Llegó en día que, viéndose en la necesidad de más y en la obligación de
aprender el oficio de ebanista, con esa intención, fue unos meses a Madrid al
taller de uno de los mejores del oficio. Volvió luego al pueblo y en poco
tiempo cobró fama y crédito por la finura y arte de su trabajo, no solo allí,
sino en su comarca y finalmente, también en la capital. El padre además de su buen hacer como maestro
de obras se benefició del oficio de su
hijo; ampliaron el negocio y cuando llegó José la edad del retiro, quiso pasar
la empresa a Neftalí, pero él sin dudar un momento dijo: - Padre, agradezco mucho su decisión, pero no he nacido para llevar obras
ni para administrar bien una empresa; no quiero arruinar lo que con tanto
trabajo ha levantado usted. Véndala y disfrute de la vida, que bien se lo ha
ganado. - Entendiendo las razones de Neftalí, así lo hizo. Cinco meses
después, murió José y, lejos de lo que se podía suponer, dejó en herencia a su
hijo Neftalí la casa familiar, una pequeña huerta en la ribera del rio Sequillo
con muy buenos frutales y nogales, y dos mil pesetas en su cartilla de la Caja
de Ahorros.

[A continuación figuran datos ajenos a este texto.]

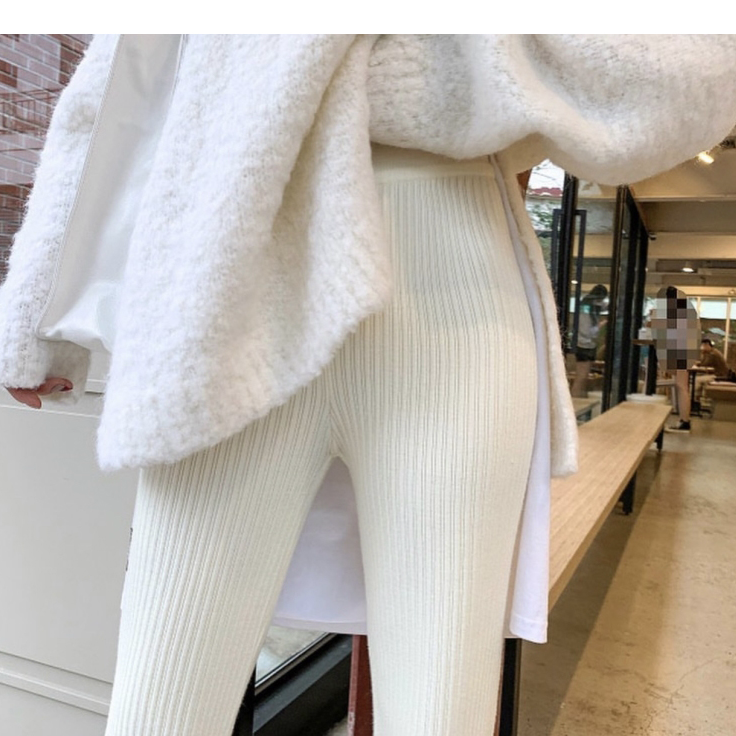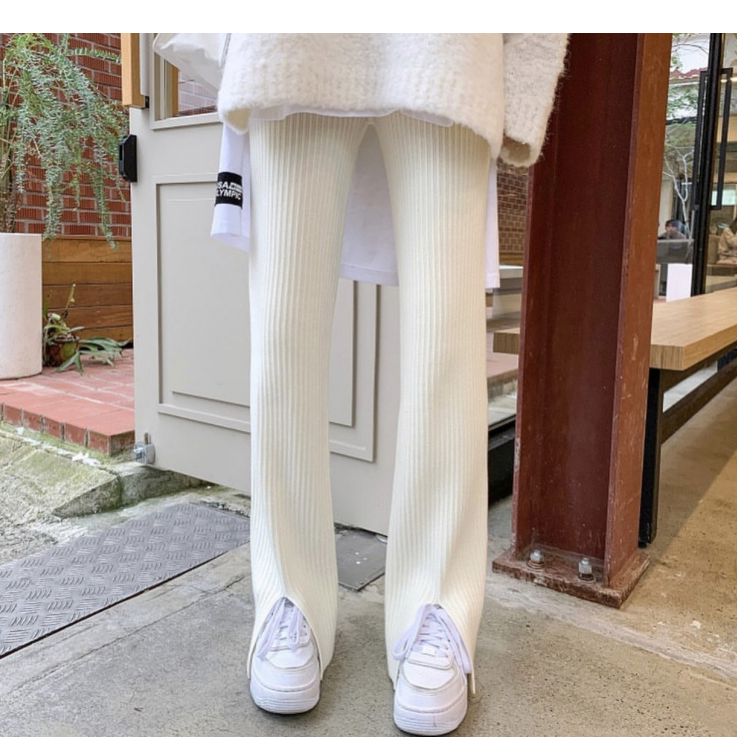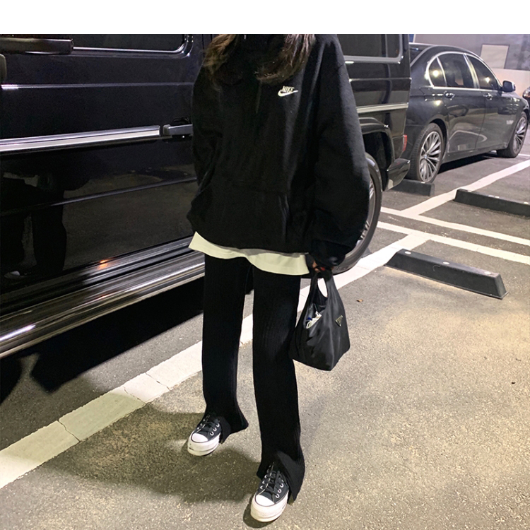 纯色竖条裤脚开衩松紧腰显瘦显腿长休闲裤

Los familiares se extrañaron de que no dejara más, puesto que había
llevado el abuelo José vida muy sencilla sin gastar mucho, antes bien, vivía
como si solo dispusiera de su pequeña pensión, suponiendo que el dinero por la
venta de la empresa, algo más de sesenta millones, lo tendría guardado. Pero
parecía que no fue así. Puso a su
nombre la casa Neftalí y sabiendo de la humanidad de su padre, que siempre
atendía al que no tenía, dijo a todos los familiares, tíos maternos y primos,
que su padre había hecho lo correcto, disponer de lo suyo.
La casa permanecía desde entonces entera
después de haber pasado por ella muchos años duros para la gente de su familia.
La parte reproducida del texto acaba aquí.